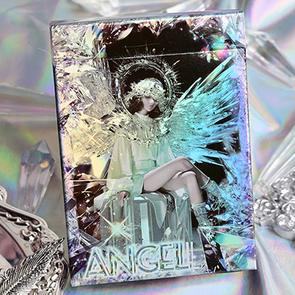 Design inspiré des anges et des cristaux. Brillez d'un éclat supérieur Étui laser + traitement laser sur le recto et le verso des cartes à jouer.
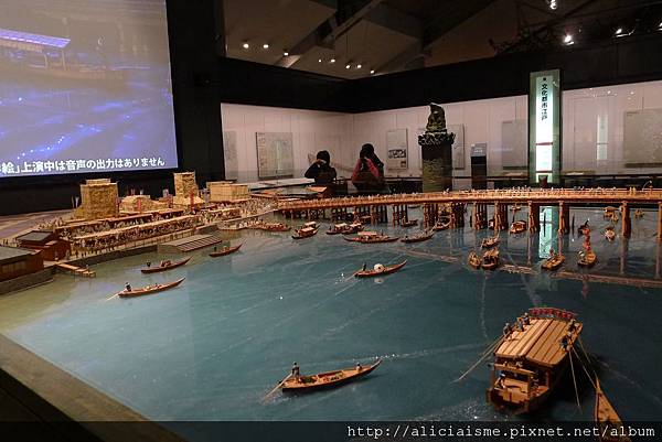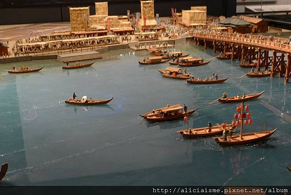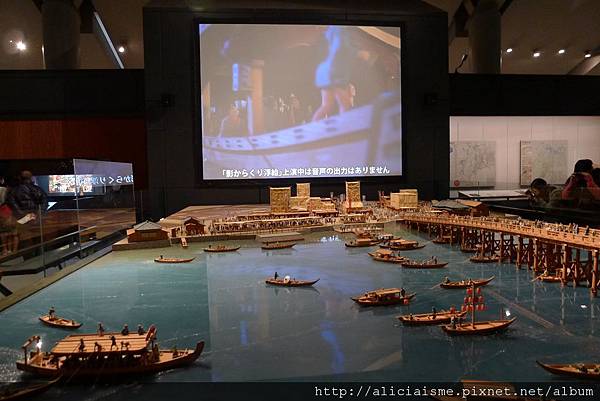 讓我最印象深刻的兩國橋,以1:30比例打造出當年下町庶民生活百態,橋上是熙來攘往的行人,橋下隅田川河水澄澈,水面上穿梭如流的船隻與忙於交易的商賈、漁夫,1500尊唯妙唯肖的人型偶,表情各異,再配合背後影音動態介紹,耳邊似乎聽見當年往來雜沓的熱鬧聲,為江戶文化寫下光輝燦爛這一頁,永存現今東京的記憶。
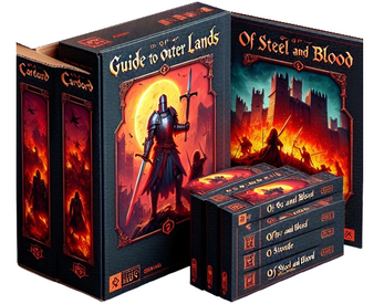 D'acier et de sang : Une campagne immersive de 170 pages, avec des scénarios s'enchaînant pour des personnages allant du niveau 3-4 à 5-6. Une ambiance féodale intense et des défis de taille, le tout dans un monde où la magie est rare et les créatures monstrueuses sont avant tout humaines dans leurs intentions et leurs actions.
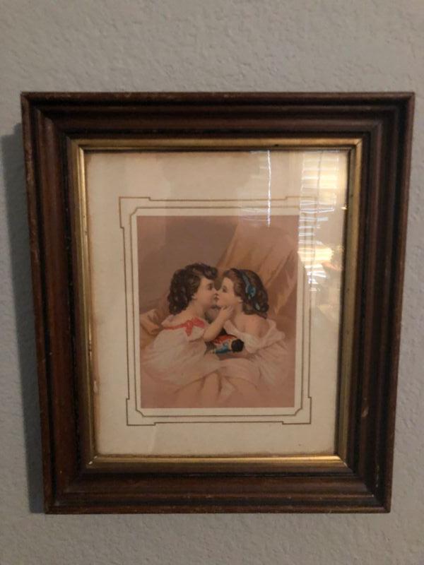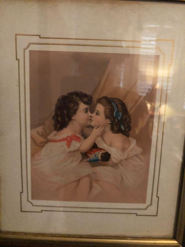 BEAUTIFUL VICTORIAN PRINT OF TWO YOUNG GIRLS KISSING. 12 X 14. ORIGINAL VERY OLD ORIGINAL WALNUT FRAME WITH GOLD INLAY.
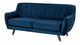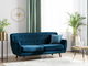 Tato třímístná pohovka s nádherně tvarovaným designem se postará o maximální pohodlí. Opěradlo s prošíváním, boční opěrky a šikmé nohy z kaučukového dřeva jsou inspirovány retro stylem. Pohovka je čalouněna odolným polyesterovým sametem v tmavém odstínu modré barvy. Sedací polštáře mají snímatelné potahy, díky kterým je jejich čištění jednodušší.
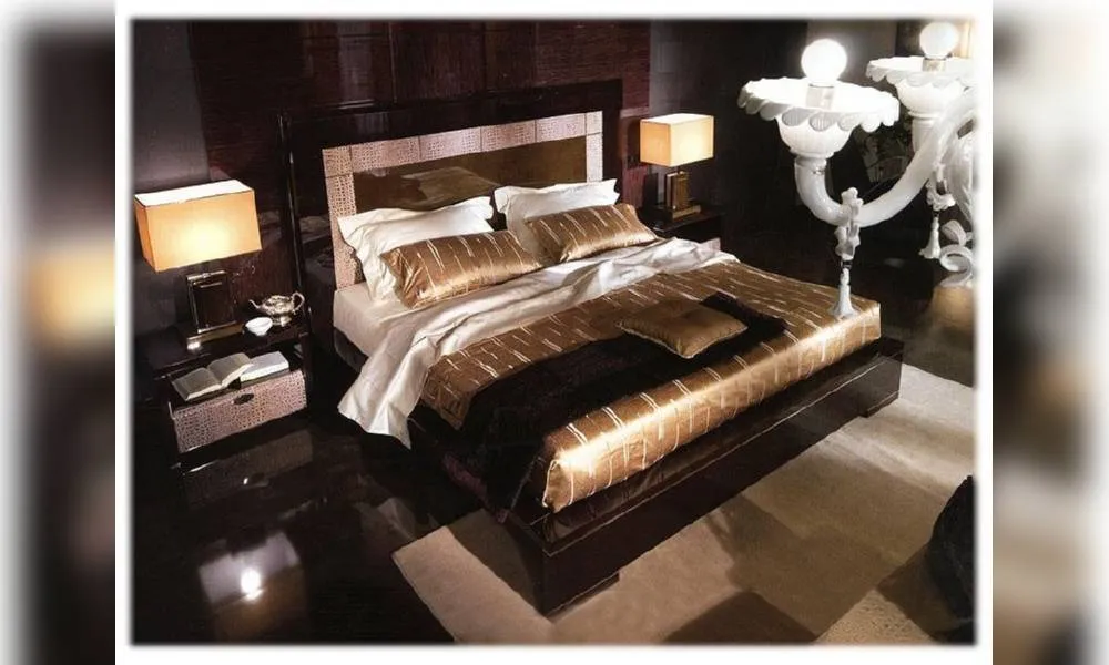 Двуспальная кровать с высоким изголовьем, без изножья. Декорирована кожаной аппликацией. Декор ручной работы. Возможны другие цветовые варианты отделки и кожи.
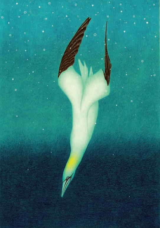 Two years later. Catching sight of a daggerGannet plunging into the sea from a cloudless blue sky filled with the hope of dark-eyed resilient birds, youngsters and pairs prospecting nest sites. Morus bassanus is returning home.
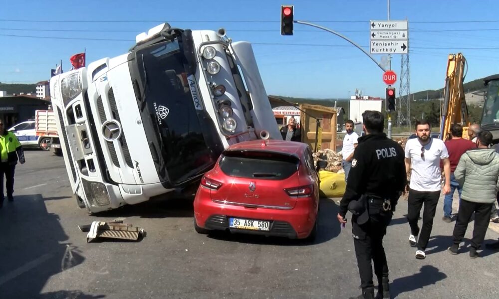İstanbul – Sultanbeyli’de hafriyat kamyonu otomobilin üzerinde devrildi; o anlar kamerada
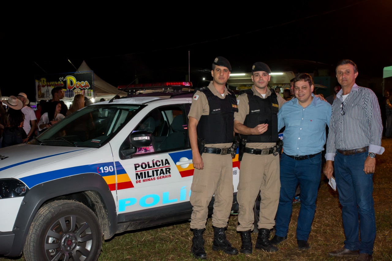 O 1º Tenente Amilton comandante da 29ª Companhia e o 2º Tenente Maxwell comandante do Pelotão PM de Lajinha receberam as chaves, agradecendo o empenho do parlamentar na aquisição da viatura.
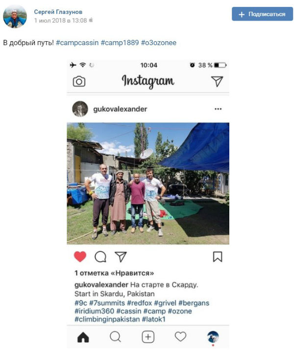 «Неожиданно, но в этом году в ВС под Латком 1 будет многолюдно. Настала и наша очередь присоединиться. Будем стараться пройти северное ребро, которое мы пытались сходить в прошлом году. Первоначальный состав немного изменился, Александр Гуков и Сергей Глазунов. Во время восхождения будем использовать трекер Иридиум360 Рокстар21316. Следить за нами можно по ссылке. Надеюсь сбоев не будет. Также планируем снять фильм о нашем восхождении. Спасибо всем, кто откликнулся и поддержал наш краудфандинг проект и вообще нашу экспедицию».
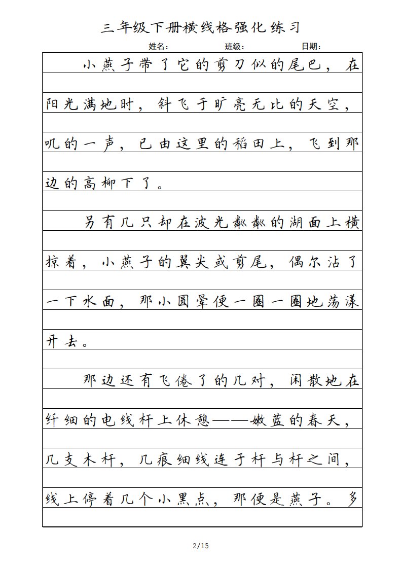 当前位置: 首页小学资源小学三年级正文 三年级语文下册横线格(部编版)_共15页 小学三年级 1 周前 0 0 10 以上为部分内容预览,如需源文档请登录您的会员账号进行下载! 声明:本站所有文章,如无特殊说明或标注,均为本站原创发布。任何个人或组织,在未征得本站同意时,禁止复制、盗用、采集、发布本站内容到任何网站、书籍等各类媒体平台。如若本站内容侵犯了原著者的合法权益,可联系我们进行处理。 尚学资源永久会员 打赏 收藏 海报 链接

----

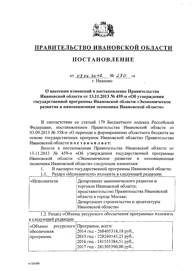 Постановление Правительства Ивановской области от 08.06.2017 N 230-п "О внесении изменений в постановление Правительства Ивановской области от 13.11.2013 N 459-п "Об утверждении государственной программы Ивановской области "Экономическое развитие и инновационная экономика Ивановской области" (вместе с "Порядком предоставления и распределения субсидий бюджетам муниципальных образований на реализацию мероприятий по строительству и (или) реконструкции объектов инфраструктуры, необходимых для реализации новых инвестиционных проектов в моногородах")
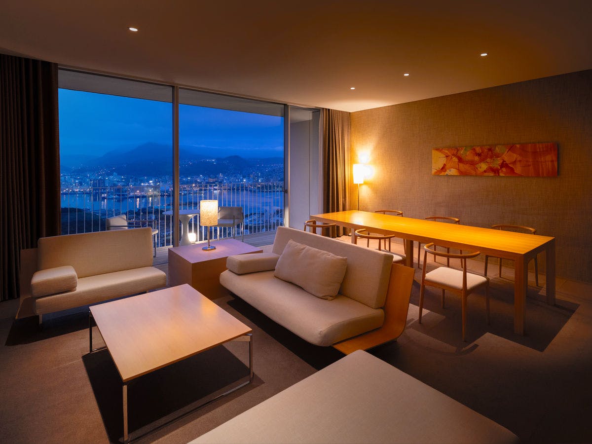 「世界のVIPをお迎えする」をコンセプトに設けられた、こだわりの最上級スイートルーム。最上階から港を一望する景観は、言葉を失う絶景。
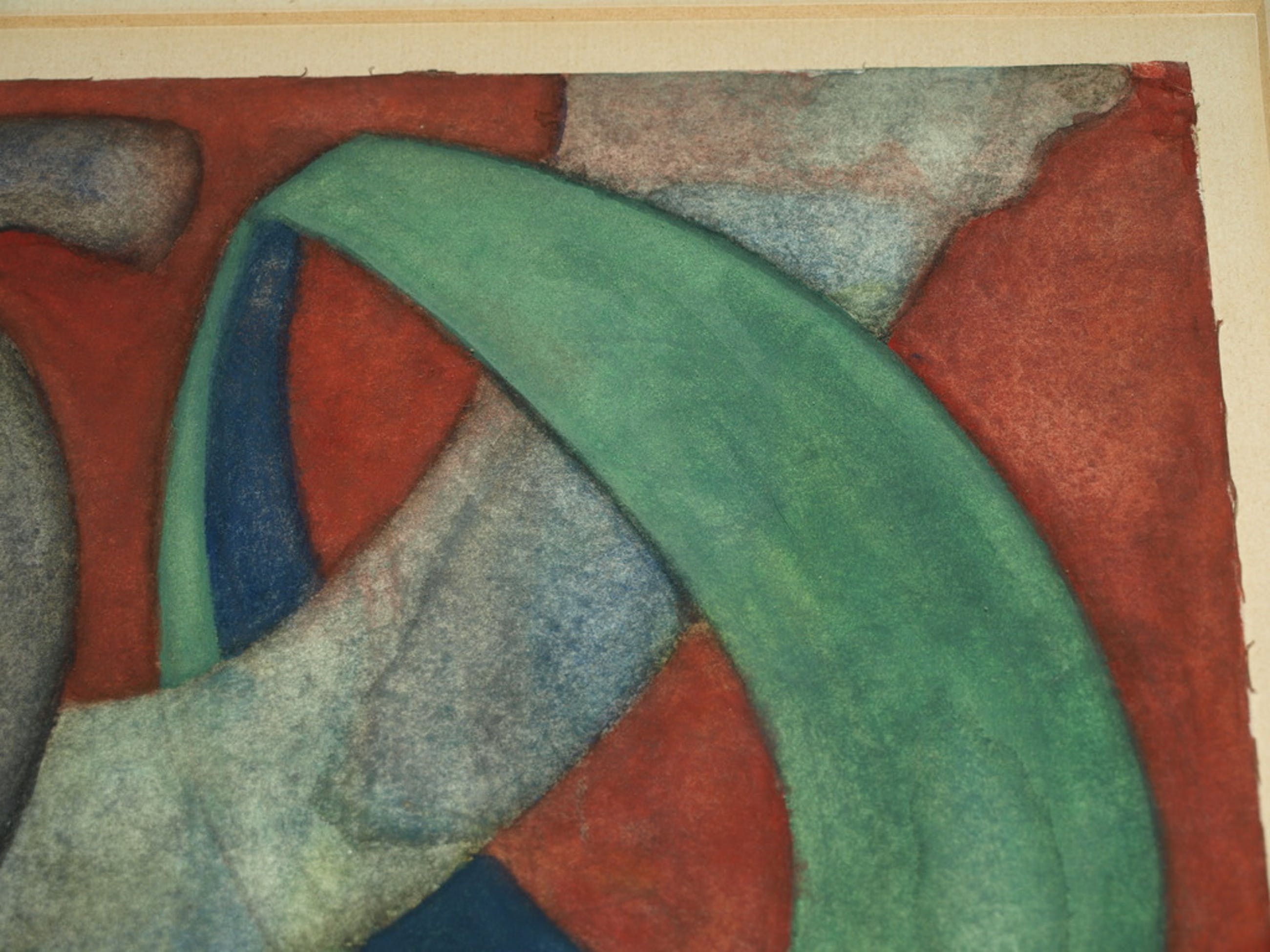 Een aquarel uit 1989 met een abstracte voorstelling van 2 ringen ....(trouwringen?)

----

Give again, exactly as written above, each line from the one that has "O 1º Tenente" to the one that has "当前位置: 首页小学资源小学三年级正文 三年级语文下册横线格(部编版)_共15页", both included; omit the pictures.

**Task response**
 O 1º Tenente Amilton comandante da 29ª Companhia e o 2º Tenente Maxwell comandante do Pelotão PM de Lajinha receberam as chaves, agradecendo o empenho do parlamentar na aquisição da viatura.
 «Неожиданно, но в этом году в ВС под Латком 1 будет многолюдно. Настала и наша очередь присоединиться. Будем стараться пройти северное ребро, которое мы пытались сходить в прошлом году. Первоначальный состав немного изменился, Александр Гуков и Сергей Глазунов. Во время восхождения будем использовать трекер Иридиум360 Рокстар21316. Следить за нами можно по ссылке. Надеюсь сбоев не будет. Также планируем снять фильм о нашем восхождении. Спасибо всем, кто откликнулся и поддержал наш краудфандинг проект и вообще нашу экспедицию».
 当前位置: 首页小学资源小学三年级正文 三年级语文下册横线格(部编版)_共15页 小学三年级 1 周前 0 0 10 以上为部分内容预览,如需源文档请登录您的会员账号进行下载! 声明:本站所有文章,如无特殊说明或标注,均为本站原创发布。任何个人或组织,在未征得本站同意时,禁止复制、盗用、采集、发布本站内容到任何网站、书籍等各类媒体平台。如若本站内容侵犯了原著者的合法权益,可联系我们进行处理。 尚学资源永久会员 打赏 收藏 海报 链接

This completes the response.